Problem description: What are the lines below, starting at the line containing "Oversized Playmat measures" and ending at the line containing "الحرب بين السلطان"? Write them out exactly, ends included, without pictures.

Records for processing:
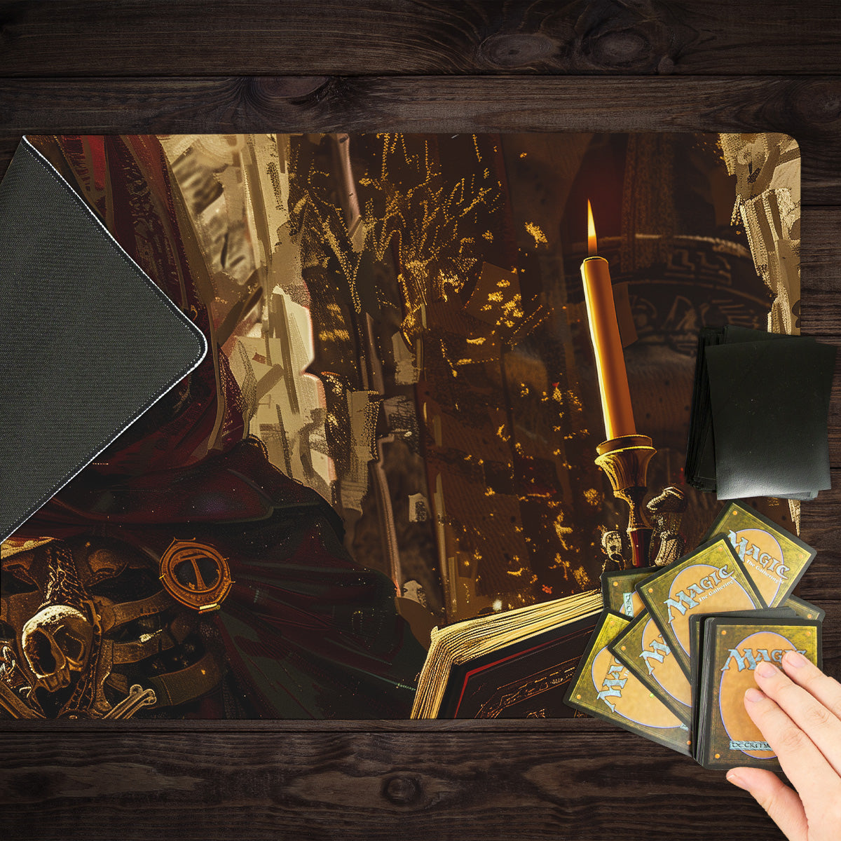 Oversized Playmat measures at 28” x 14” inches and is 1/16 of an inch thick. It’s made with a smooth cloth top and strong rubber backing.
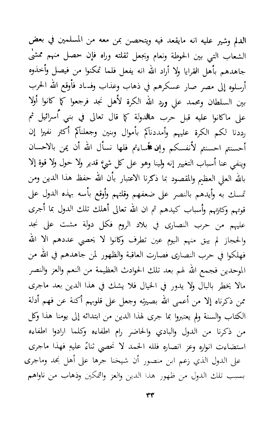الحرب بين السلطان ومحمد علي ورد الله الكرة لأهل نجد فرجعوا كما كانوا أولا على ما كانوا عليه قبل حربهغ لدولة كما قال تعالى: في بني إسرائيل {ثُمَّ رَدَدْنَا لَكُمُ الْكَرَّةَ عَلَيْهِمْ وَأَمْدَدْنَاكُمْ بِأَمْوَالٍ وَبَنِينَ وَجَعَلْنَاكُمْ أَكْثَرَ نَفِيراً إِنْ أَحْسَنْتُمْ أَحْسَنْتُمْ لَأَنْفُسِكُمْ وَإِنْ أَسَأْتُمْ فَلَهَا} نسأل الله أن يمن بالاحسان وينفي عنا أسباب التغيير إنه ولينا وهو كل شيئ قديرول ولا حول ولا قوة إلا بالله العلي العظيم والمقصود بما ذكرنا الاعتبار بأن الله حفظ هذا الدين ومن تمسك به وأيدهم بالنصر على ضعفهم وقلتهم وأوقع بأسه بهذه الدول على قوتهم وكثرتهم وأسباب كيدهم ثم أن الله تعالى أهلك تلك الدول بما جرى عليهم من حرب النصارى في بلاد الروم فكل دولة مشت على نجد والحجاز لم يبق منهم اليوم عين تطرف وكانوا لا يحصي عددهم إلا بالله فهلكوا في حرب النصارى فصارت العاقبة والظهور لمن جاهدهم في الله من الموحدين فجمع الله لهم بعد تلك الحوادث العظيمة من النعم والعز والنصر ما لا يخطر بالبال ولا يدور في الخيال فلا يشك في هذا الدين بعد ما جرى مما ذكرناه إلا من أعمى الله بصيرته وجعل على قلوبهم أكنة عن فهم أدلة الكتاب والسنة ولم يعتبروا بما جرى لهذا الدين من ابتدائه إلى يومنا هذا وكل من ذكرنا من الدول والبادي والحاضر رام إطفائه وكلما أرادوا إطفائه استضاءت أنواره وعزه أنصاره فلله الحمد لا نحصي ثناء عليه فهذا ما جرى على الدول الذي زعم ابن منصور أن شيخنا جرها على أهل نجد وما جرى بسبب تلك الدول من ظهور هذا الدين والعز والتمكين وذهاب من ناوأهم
--
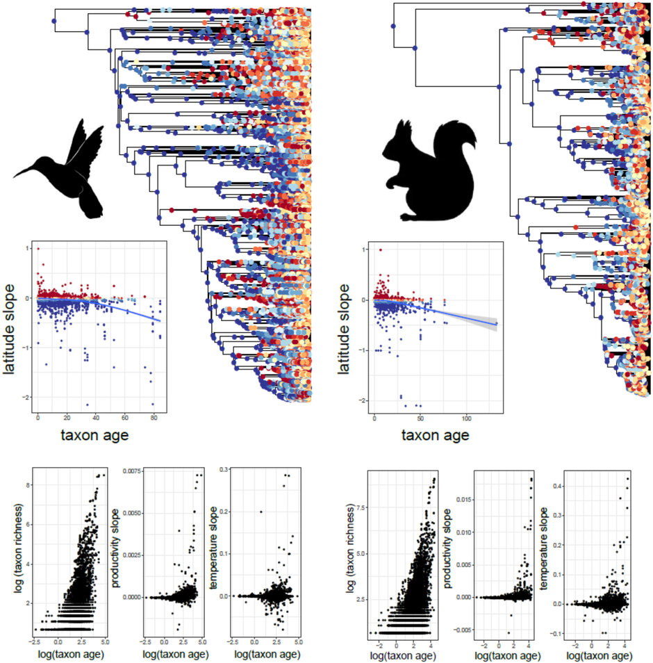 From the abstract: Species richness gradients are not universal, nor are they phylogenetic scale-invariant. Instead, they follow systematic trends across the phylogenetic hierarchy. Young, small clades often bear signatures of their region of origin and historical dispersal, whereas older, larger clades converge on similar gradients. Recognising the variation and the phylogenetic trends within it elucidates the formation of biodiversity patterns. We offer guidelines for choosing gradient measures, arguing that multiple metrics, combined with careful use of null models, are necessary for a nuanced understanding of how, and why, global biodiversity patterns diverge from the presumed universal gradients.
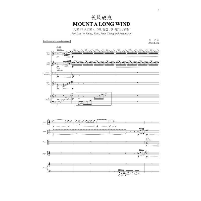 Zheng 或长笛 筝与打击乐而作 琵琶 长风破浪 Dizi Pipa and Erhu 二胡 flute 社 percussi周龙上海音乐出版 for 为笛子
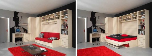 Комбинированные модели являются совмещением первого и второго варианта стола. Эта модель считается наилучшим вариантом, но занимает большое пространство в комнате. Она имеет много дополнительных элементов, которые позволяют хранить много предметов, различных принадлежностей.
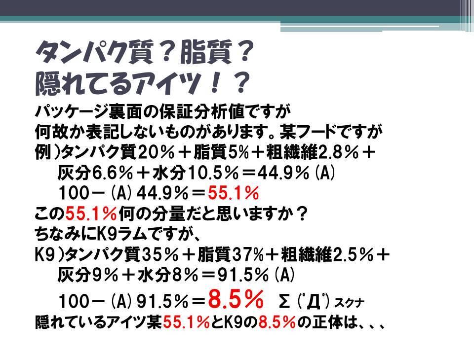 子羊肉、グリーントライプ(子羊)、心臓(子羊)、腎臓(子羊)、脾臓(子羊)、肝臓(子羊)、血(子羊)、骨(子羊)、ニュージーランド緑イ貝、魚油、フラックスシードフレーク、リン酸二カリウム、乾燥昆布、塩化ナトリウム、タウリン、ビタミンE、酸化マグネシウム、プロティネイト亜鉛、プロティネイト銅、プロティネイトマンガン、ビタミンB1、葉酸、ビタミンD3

Result of the task:
 Oversized Playmat measures at 28” x 14” inches and is 1/16 of an inch thick. It’s made with a smooth cloth top and strong rubber backing.
الحرب بين السلطان ومحمد علي ورد الله الكرة لأهل نجد فرجعوا كما كانوا أولا على ما كانوا عليه قبل حربهغ لدولة كما قال تعالى: في بني إسرائيل {ثُمَّ رَدَدْنَا لَكُمُ الْكَرَّةَ عَلَيْهِمْ وَأَمْدَدْنَاكُمْ بِأَمْوَالٍ وَبَنِينَ وَجَعَلْنَاكُمْ أَكْثَرَ نَفِيراً إِنْ أَحْسَنْتُمْ أَحْسَنْتُمْ لَأَنْفُسِكُمْ وَإِنْ أَسَأْتُمْ فَلَهَا} نسأل الله أن يمن بالاحسان وينفي عنا أسباب التغيير إنه ولينا وهو كل شيئ قديرول ولا حول ولا قوة إلا بالله العلي العظيم والمقصود بما ذكرنا الاعتبار بأن الله حفظ هذا الدين ومن تمسك به وأيدهم بالنصر على ضعفهم وقلتهم وأوقع بأسه بهذه الدول على قوتهم وكثرتهم وأسباب كيدهم ثم أن الله تعالى أهلك تلك الدول بما جرى عليهم من حرب النصارى في بلاد الروم فكل دولة مشت على نجد والحجاز لم يبق منهم اليوم عين تطرف وكانوا لا يحصي عددهم إلا بالله فهلكوا في حرب النصارى فصارت العاقبة والظهور لمن جاهدهم في الله من الموحدين فجمع الله لهم بعد تلك الحوادث العظيمة من النعم والعز والنصر ما لا يخطر بالبال ولا يدور في الخيال فلا يشك في هذا الدين بعد ما جرى مما ذكرناه إلا من أعمى الله بصيرته وجعل على قلوبهم أكنة عن فهم أدلة الكتاب والسنة ولم يعتبروا بما جرى لهذا الدين من ابتدائه إلى يومنا هذا وكل من ذكرنا من الدول والبادي والحاضر رام إطفائه وكلما أرادوا إطفائه استضاءت أنواره وعزه أنصاره فلله الحمد لا نحصي ثناء عليه فهذا ما جرى على الدول الذي زعم ابن منصور أن شيخنا جرها على أهل نجد وما جرى بسبب تلك الدول من ظهور هذا الدين والعز والتمكين وذهاب من ناوأهم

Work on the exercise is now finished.